In the past, a similar question arose for inventions using software. The insertion of the source code of the software was sometimes used but then it was considered sufficient to disclose the architecture of the software and the sequence of operations in such detail that a programmer could write the source code. In the case of training data for AI, the sufficiency requirement could be considered met if the application discloses the methodologies for the selection of data sources and processing of data which are specifically adapted to enable the skilled person to prepare training data relevant to the objective – following the ancient Chinese saying: “give a man a fish you feed him for a day. Teach a man to fish and you feed him for a lifetime”.

Meantime, it is up to the EPO management to enhance the expertise of Examiners in AI technology. As explained above, this is critical for a proper assessment of the disclosure requirement and it is all the more necessary as AI technology has been moving quickly and it is implemented in constantly broadening fields of technology.

5. Training data : GIGO — or “garbage in, garbage out”

The significance of the disclosure requirement of training data for AI emphasised by decision T0161/18 cannot be overstated.

As stated by an AI expert^{ODSC Open Data Source October 24, 2019 Garbage In, Garbage Out : Automated Machine Learning Begins with Quality Data at https://medium.com/@ODSC/garbage-in-garbage-out-automated-machine-learning-begins-with-quality-data-70471cb33748}, "GIGO — or ‘garbage in, garbage out’ — has been the programmer’s mantra since the dawn of computing, with meaning that computers and systems are only as good as the information that is fed into them.

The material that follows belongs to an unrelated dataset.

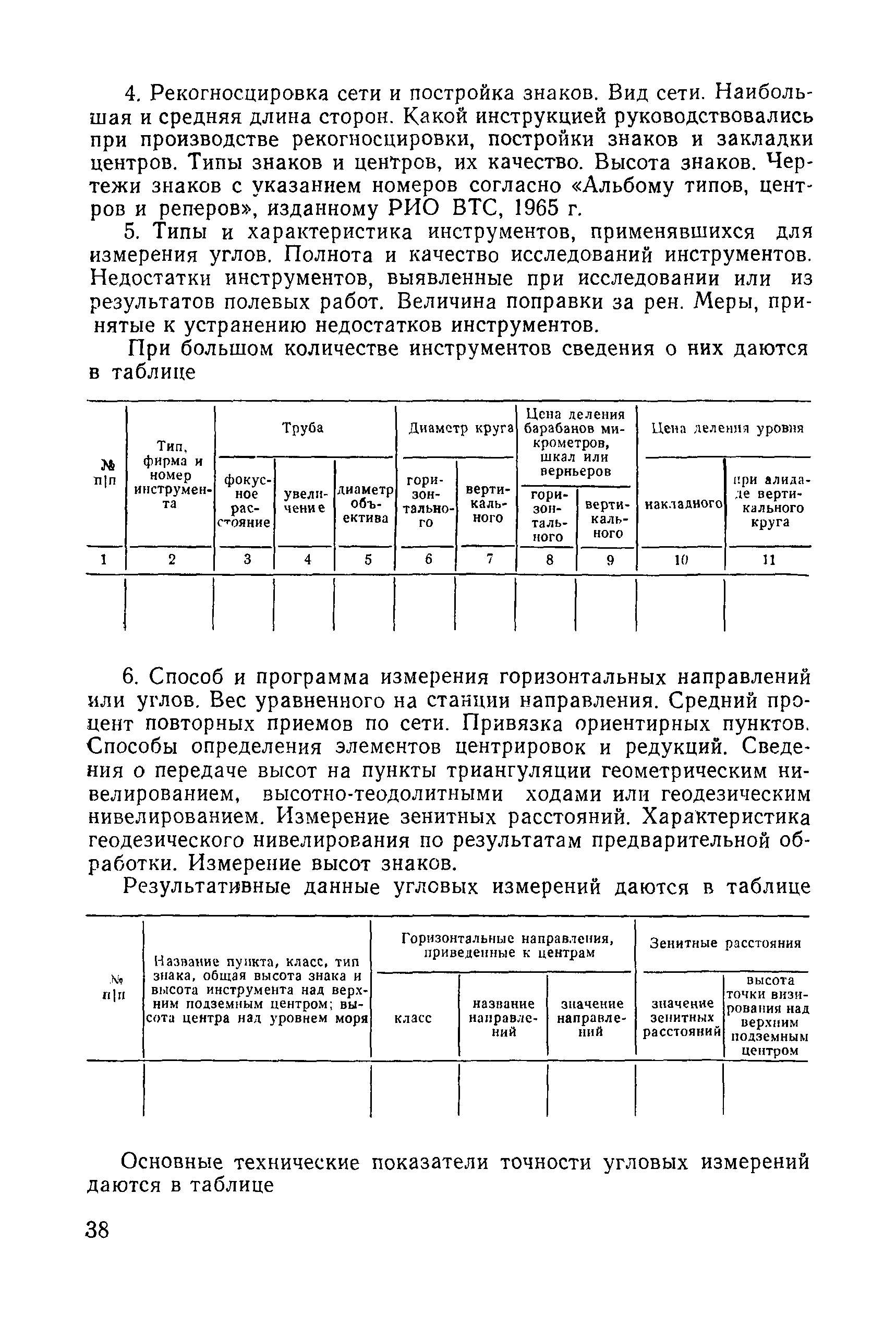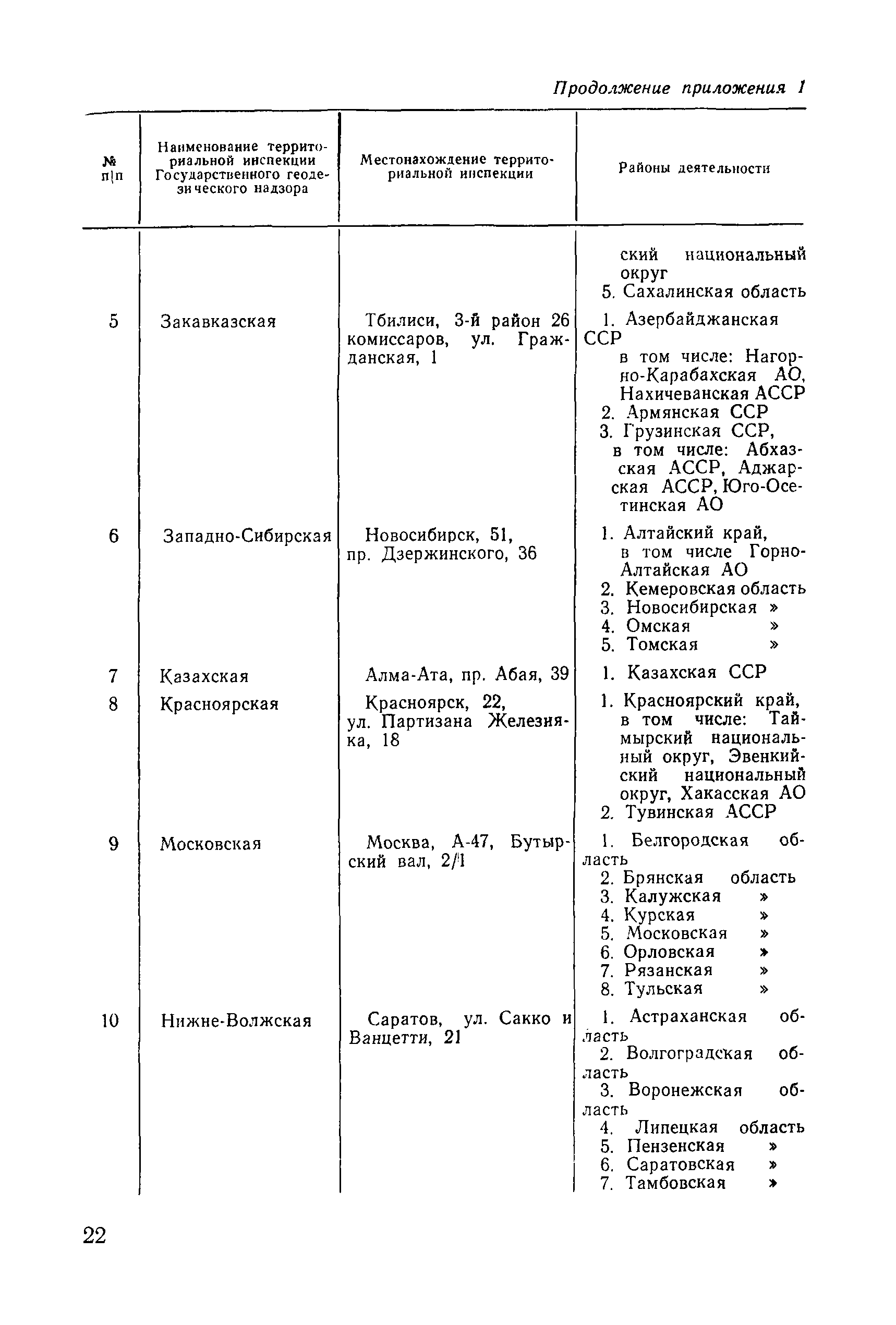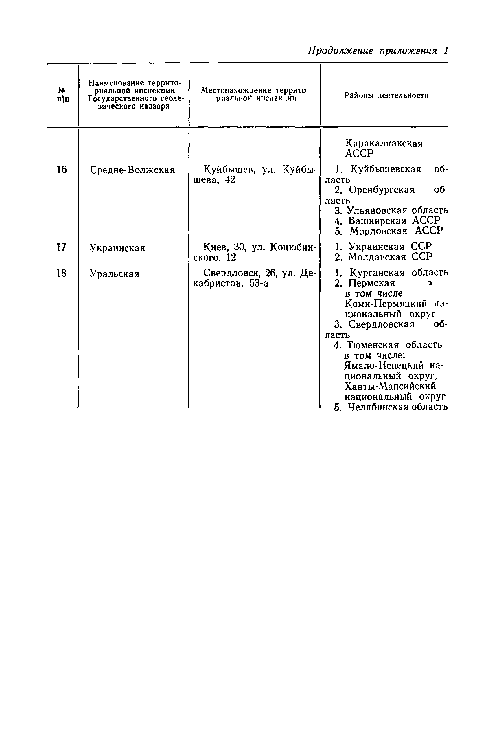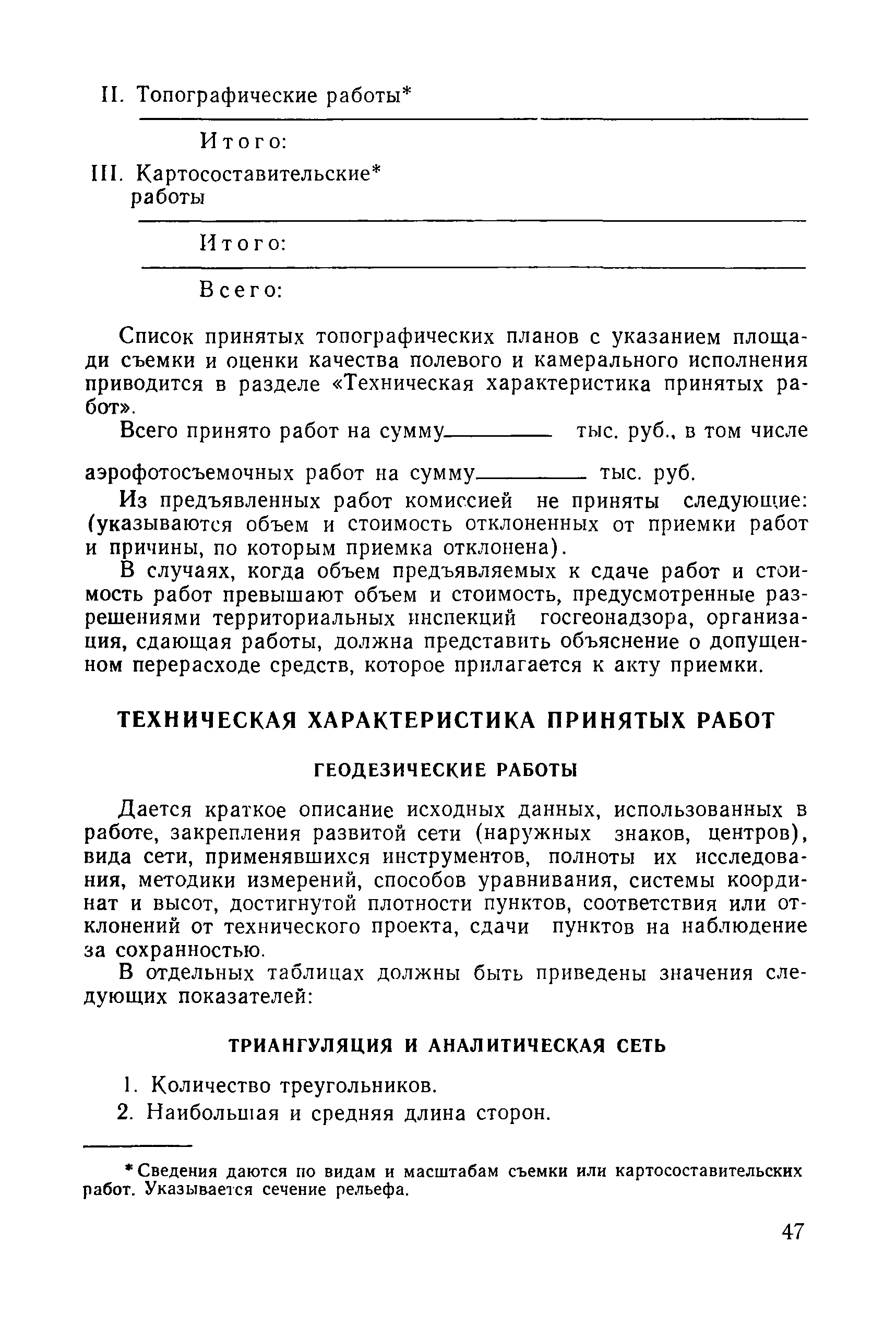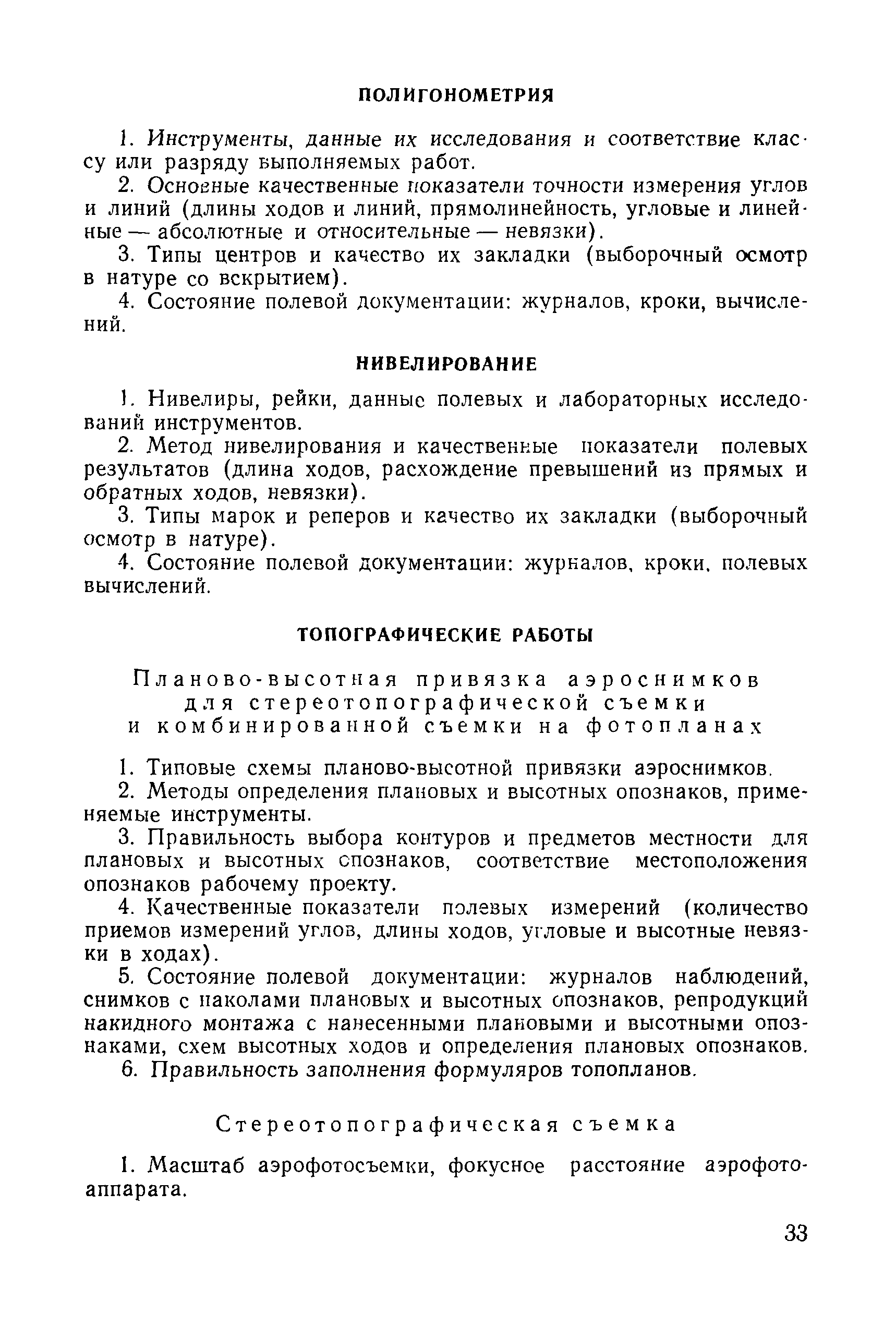 Инструкция о Государственном геодезическом надзоре| Статус: | заменен | | Название рус.: | Инструкция о Государственном геодезическом надзоре | | Дата добавления в базу: | 01.02.2020 | | Дата актуализации: | 01.01.2021 | | Область применения: | Инструкция обязательна для всех министерств, государственных комитетов, ведомств, организаций, учреждений и предприятий СССР, выполняющих топографо-геодезические. Картографические и аэрофотосъемочные работы | | Оглавление: | 1. Общие положения 2. Разрешение производства топографо-геодезических, картографических и аэрофотосъемочных работ 3. Внутриведомственный контроль и приемка работ 4. Отчеты по исполненным работам 5. Государственный контроль 6. Государственная приемка работ 7. Контроль по наблюдению за сохранностью геодезических знаков государственной геодезической сети СССР 8. Концентрация материалов и справочно-техническая работа 9. Ведение дежурной справочной карты Приложение 1. Список территориальных инспекций государственного геодезического надзора Главного управления геодезии и картографии Министерства геологии СССР с указанием районов их деятельности по состоянию на 1 июля 1966 г. Приложение 2. План топографо-геодезических и картографических работ Приложение 3. Заявление Приложение 4. Разрешение на производство топографо-геодезических работ Приложение 5. Заявление Приложение 6. Перечень сведений, представляемых организациями, ведомствами, предприятиями СССР в Главное управление геодезии и картографии МГ СССР при заявке на производство аэрофотосъемочных работ Приложение 7. Примерная программа контрольного обследования полевых топографо-геодезических работ и образец акта Приложение 8. Отчет о выполненных топографо-геодезических и картографических работах Приложение 9. Отчет о выполненных аэрофотосъемочных работах Приложение 10. Краткие указания по составлению технических отчетов по топографо-геодезическим работам Приложение 11. Перечень материалов, предъявляемых комиссиям территориальных инспекций госгеонадзора ГУГК при приемке топографо-геодезических и картографических работ, выполненных ведомственными организациями Приложение 12. Акт государственной приемки топографо-геодезических работ Приложение 13. Сводка о геодезических пунктах, на которых возобновлено наружное оформление мест расположения центров и реперов Приложение 14. Перечень материалов топографо-геодезических и картографических работ, принятых комиссиями по государственной приемке и подлежащих передаче на постоянное хранение в территориальные инспекции госгеонадзора и Центральный картографо-геодезический фонд Главного управления геодезии и картографии Министерства геологии СССР | | Утверждён: | Министерство геологии СССР

It’s no secret that machine learning methods are highly dependent on the quality of the data they receive as input. If you think of machine learning as a manufacturing process, the higher the quality of the input data, the more likely it is that the final product is of high quality as well. This relationship presents a big challenge to analytics teams when it comes to figuring out the right data for helping to solve business problems. It is necessary for those teams to prepare all datasets to achieve a machine learning process free of errors. This involves setting up quality standards and fixing data issues like missing values or columns with low statistical variance, as well as selecting the right data types, removing duplicate data, and more. Automated machine learning can assist with this.

According to the CrowdFlower survey, data preparation and cleaning take roughly 60% of the time of data scientists and analytics professionals. This does not take into account the time needed to first collect and aggregate the required data for the problem at hand. However, data preparation is critical, as the efficacy of machine learning algorithms directly depends on the quality of the inputs as well as their relevance to the use case.”

Other AI experts tellingly depict training data as “the Achilles’ heel of AI”^{Schmelzer, R. The Achilles’ heel of AI, March 7, 2019 at https://www.forbes.com/sites/cognitiveworld/2019/03/07/the-achilles-heel-of-ai/#273c53927be7". The author provides a detailed analysis of the tasks involved in the preparation of training data.} or “the lifeblood of AI”^{Menendez, C. Data is the lifeblood of AI, but how do you collect it? Infoworld August 8, 2018 at https://www.infoworld.com/article/3296044/data-is-the-lifeblood-of-ai-but-how-do-you-collect-it.html.}.

Conclusion

Decision T0161/18 deserves great attention from practitioners as the Board has raised of its own motion the requirement of Article 83 EPC for the lack of disclosure of training data in an AI case. Future decisions will no doubt provide guidance as to how satisfy this requirement, a prominent issue in AI cases given the criticality of training data for the efficient operation of an AI tool and it can be expected that future revisions of the Guidelines will incorporate insights on this issue.